Humboldt Meeting holds that Guantanamo Bay and other illegal detention camps are in violation of the U.S. Constitution, the Geneva Treaty, and the United Nations Convention against Torture. Most importantly, the treatment at these camps violates the values we share as Quakers.
Perhaps the case against the policies at Guantanamo can best be made by the story of Tarek Dergoul, as reported by David Rose in his book Guantanamo: The War on Human Rights. Raised in East London by Moroccan immigrant parents, Tarek Dergoul was neither political nor religious. After dropping out of school at 15, he tried his hand at a series of low-paying, unskilled jobs and managed to scrape together £5,000 in savings. After the U.S. invasion of Afghanistan, he and some friends planned a real estate venture to buy up property in Afghanistan and resell it after the war for a profit.
Unfortunately, Tarek’s friends were killed and he was injured by a stray explosion before their purchase of property outside of Jalalabad in 2002. Tarek was picked up by the Northern Alliance, sold to the U.S. military for a $500 bounty, and shipped to a U.S. detention camp in Bagram, near Kabul. There he endured the now familiar abuses of being transported with a bag over his head, stripped naked, photographed, and receiving full body cavity searches. For some reason, he was spared the "beat downs" of his fellow detainees, but observed guards forcing them to squat for hours, and when they fell over, beating them unconscious. After guards threatened to strip his family in England of all their assets, Tarek "confessed" to being at Tora Bora despite the fact that he had been in Great Britain at that time.
Tarek was never told where he was going when he was shipped to Guantanamo. He was placed in the typical 56-square-foot metal box cell in the punishing heat. In addition to the routine privations of Guantanamo, Tarek was subject to four or five ERFs. Rose quotes Tarek’s account of one incident: "They tied me up like a beast and then they were kneeling on me, kicking and punching." Tarek also spent over a year in isolation for hunger strikes and non-cooperation drives. Through all of this, he was never charged or tried for anything. Through the intervention of the British government, Tarek was finally released and determined not to be a threat. He was discharged into the hands of the British government, which released him within hours, declaring he was completely innocent.

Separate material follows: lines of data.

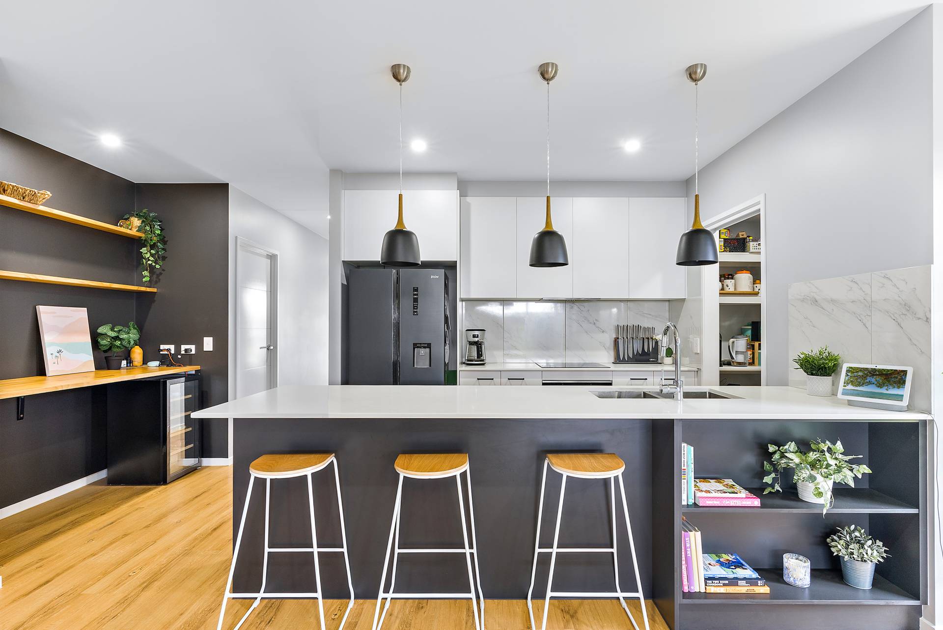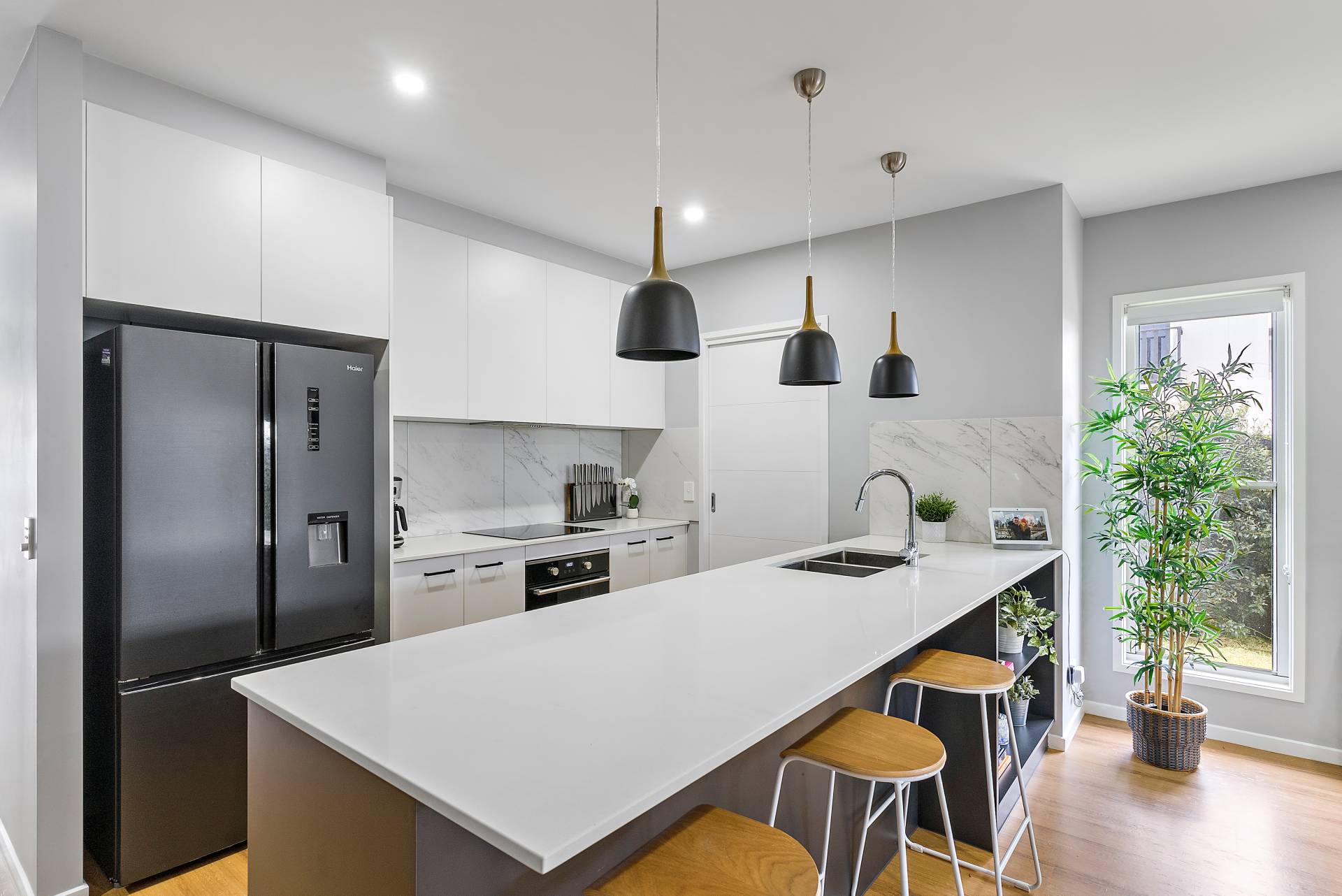 Modern kitchen boasts stone benchtops, marble tile splash-back, stainless steel appliances, recessed LED lighting and stunning smart technology pendant lighting
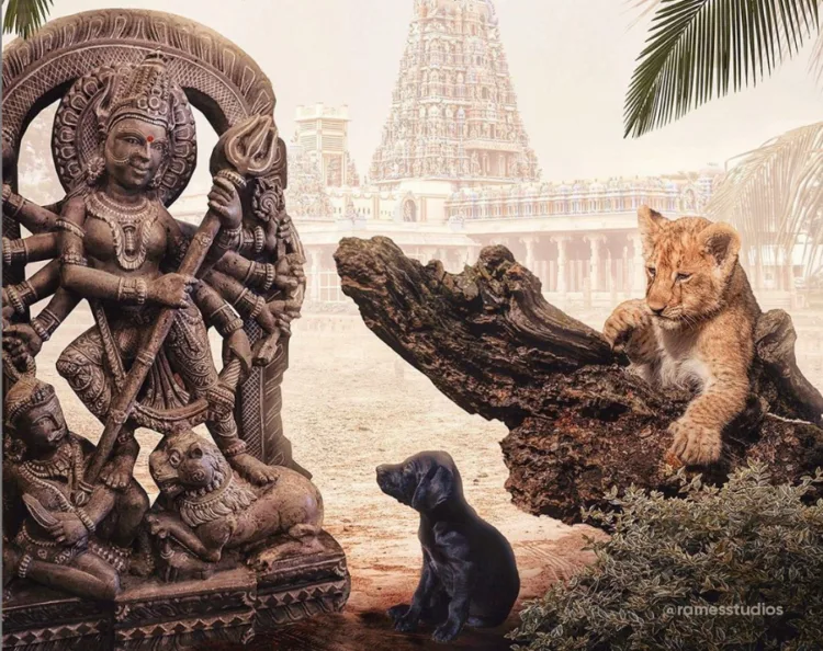 In an Instagram post depicting a statue of the Goddess Durga, a lion and a black dog, Rames tells a story about a lion, the pet of Goddess Durga who stumbles upon a black dog who was lamenting its blackness.
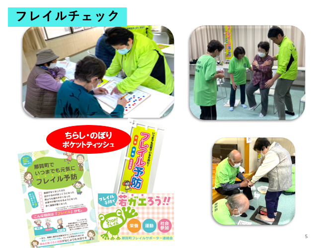 那賀町では、社会福祉協議会に事業委託し、フレイル予防のための取組みを進めています。
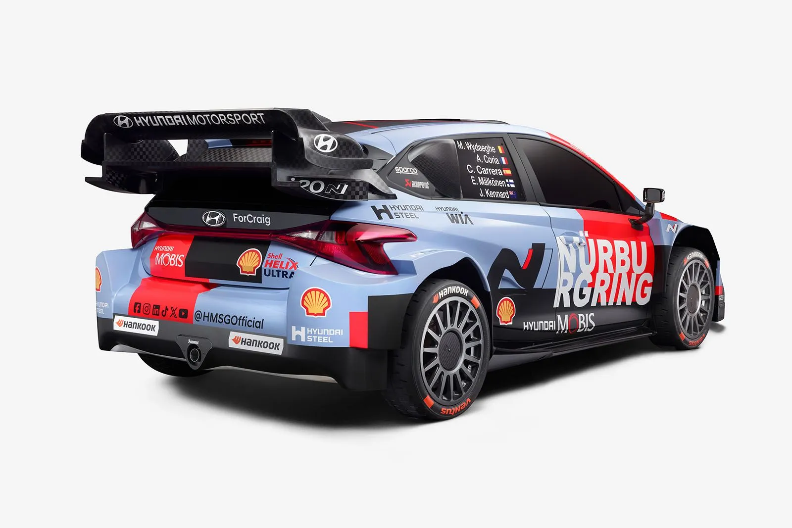 Ο νέος χρωματισμός του i20 N Rally1 για το 2026 σηματοδοτεί μια αλλαγή φιλοσοφίας, αποτίοντας φόρο τιμής στην αγωνιστική κληρονομιά της Hyundai παγκοσμίως. Τα χαρακτηριστικά χρώματα Performance Blue και Active Red επιστρέφουν, πλαισιωμένα από σχεδιαστικά στοιχεία που παραπέμπουν στο Νίρμπουργκρινγκ, την «πατρίδα» της Hyundai N, αλλά και στο Namyang, όπου βρίσκονται το κέντρο έρευνας και εξέλιξης και το σχεδιαστικό κέντρο του Ομίλου Hyundai. Παράλληλα, σε επιλεγμένους αγώνες του πρωταθλήματος θα χρησιμοποιηθούν και ειδικές, μοναδικές εμφανίσεις.
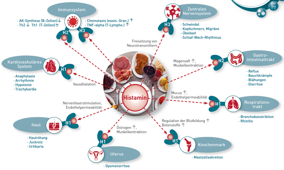 Histamin ist ein lebenswichtiger, natürlicher Stoff im menschlichen Körper. Es wirkt als Gewebshormon und als Botenstoff (Neurotransmitter) im Gehirn. Deshalb ist der Begriff „Intoleranz“ hier eigentlich irreführend – niemand ist intolerant gegen einen körpereigenen Stoff wie Histamin, Adrenalin oder Testosteron.
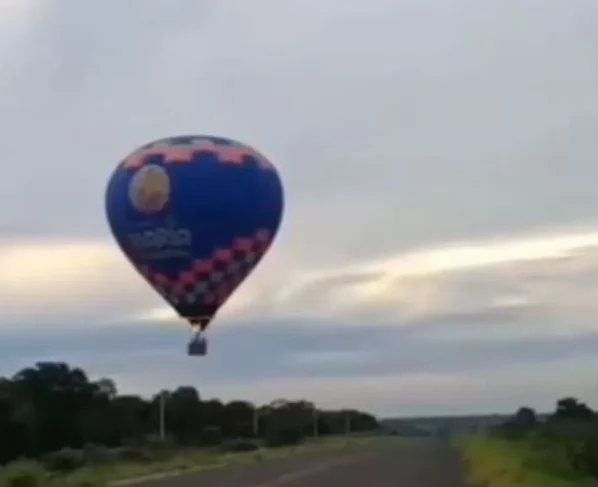 Um balão pousou às margens de uma rodovia em Aquidauana e impressionou quem passava pelo local. Vídeo gravado por um motorista mostra o momento da descida, no mesmo momento em que uma carreta transitava pela pista.
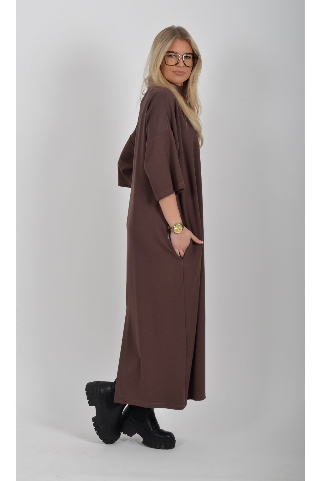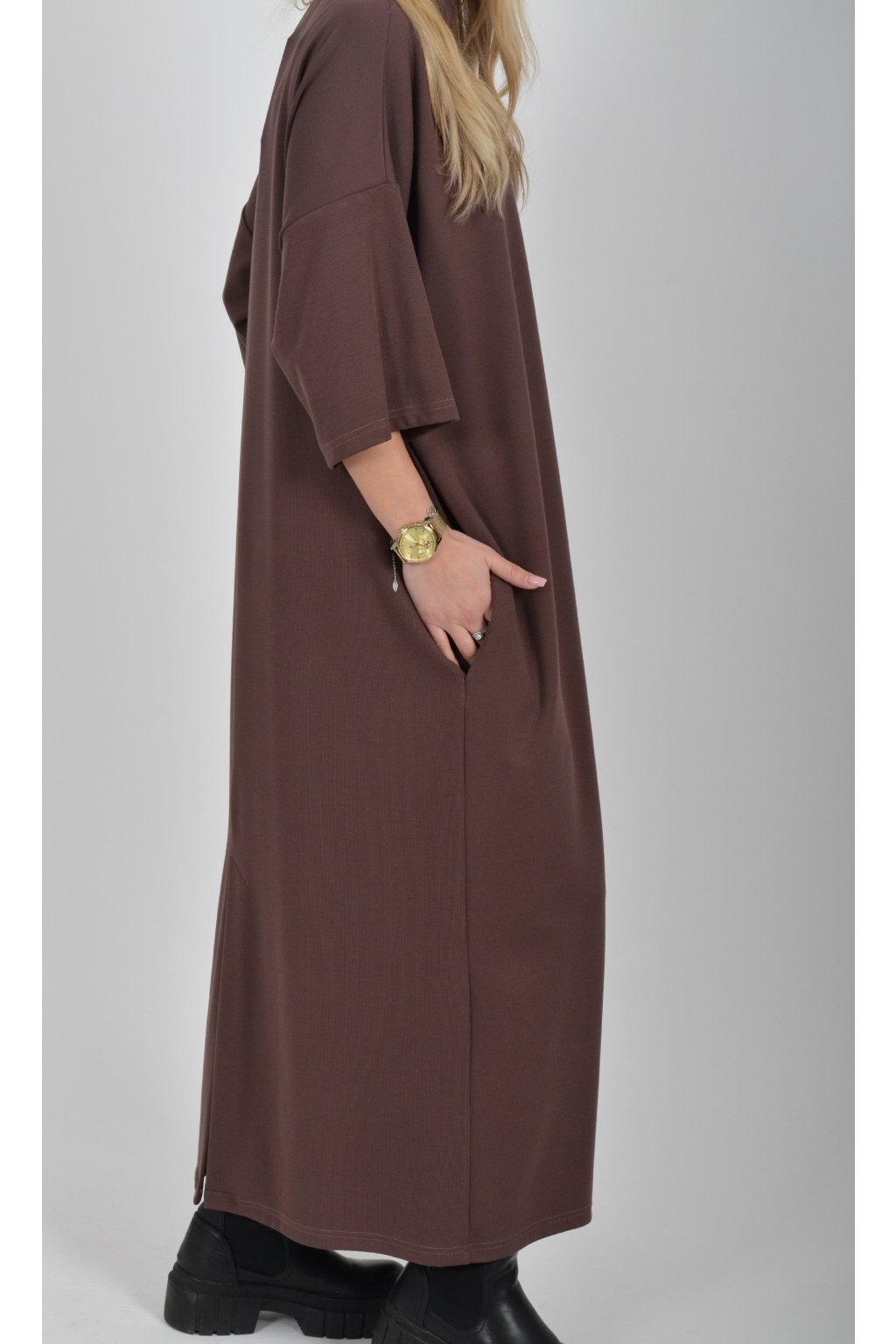 Dlouhé šaty značky Miss City Official. Šaty lehce áčkový střih, ve spodní části rozparek a vrchní část je do roláčku. . Jsou vyrobené z velice příjemného, kvalitního a elastického materiálu. Na bocích mají kapsy.
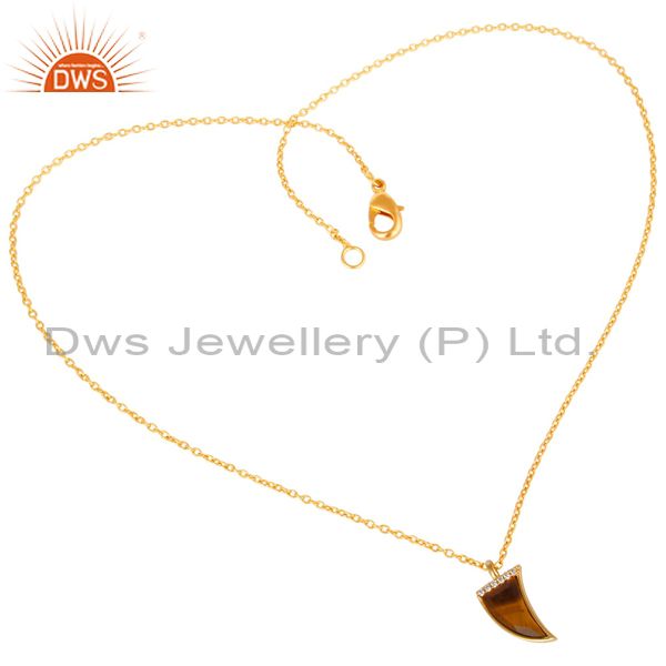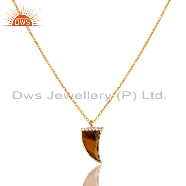 Tigereye Horn Cz Studded 14 K Gold Plated Chain 92.5 Sterling Silver Pendent
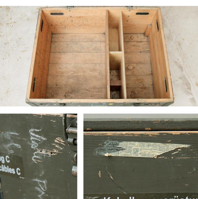 スイス軍の雰囲気抜群な木製ミリタリーボックスです。保護性の高い精密機器やケーブルなどを入れていたボックスのようで、重厚でしっかりとした分厚い木製で出来ています。中は塗装なしの木目で、大きく二部屋に分かれており、小物の収納に便利な仕切りスペースが備わっています。無骨なデザインやカラーは、アウトドアやガレージの収納ボックスとしては勿論、インダストリアル・アーミースタイルなインテリアとしてやお店のディスプレイに取り入れるだけでより本格的な雰囲気を味わうことが出来ます。
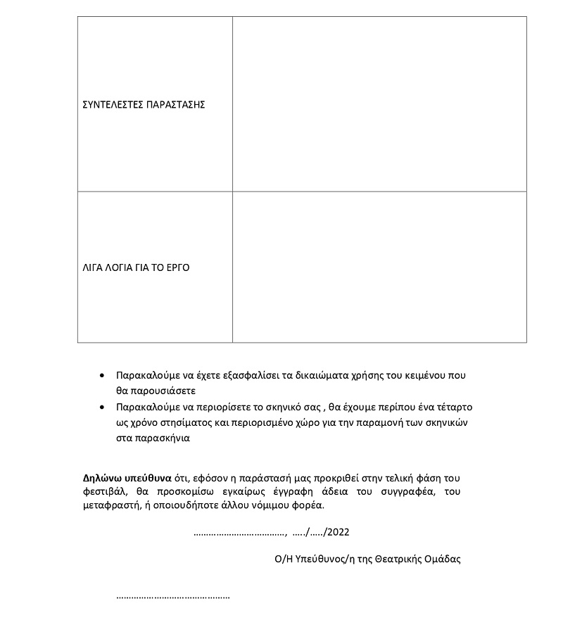 Οι ομάδες μπορούν να δηλώνουν συμμετοχή στα e-mail: Αυτή η διεύθυνση ηλεκτρονικού ταχυδρομείου προστατεύεται από τους αυτοματισμούς αποστολέων ανεπιθύμητων μηνυμάτων. Χρειάζεται να ενεργοποιήσετε τη JavaScript για να μπορέσετε να τη δείτε. και Αυτή η διεύθυνση ηλεκτρονικού ταχυδρομείου προστατεύεται από τους αυτοματισμούς αποστολέων ανεπιθύμητων μηνυμάτων. Χρειάζεται να ενεργοποιήσετε τη JavaScript για να μπορέσετε να τη δείτε. στέλνοντας την αίτηση συμμετοχής, καθώς και ένα βίντεο του θεατρικού αποσπάσματος που θα παρουσιάσουν.
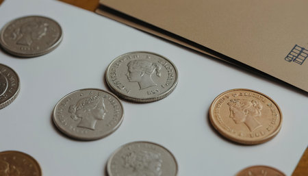 Close-up of a group of one pound coina on a wooden table, with copy space

After suffering nightmares, flashbacks, migraines, depression, and memory loss, Tarek received treatment from the Medical Foundation for the Care of Victims of Torture in England.
Sources estimate that from half to nearly all of the detainees at Guantanamo are as innocent as Tarek, while even those who may have participated in armed combat were low-ranking foot soldiers who have little or no useful information.
We repeat our intention: to minister to both sides of the war on terror—the U.S. soldiers as well as the detainees. We do not deny that the threat of terrorism is serious. We do believe our government should employ legal, humane, and ethical means to provide defense. Anyone wishing to join our mission can sign our petition at. Signatures can also be mailed to Carol Cruickshank and Fred Adler, P.O. Box 4359, Arcata, CA 95518.
(On June 28, 2006, the United States Supreme Court struck down the military commissions established by President Bush to try suspected al-Qaida members. This decision could allow new legal claims by detainees held at Guantanamo Bay, but it does not address the treatment of detainees currently held there.)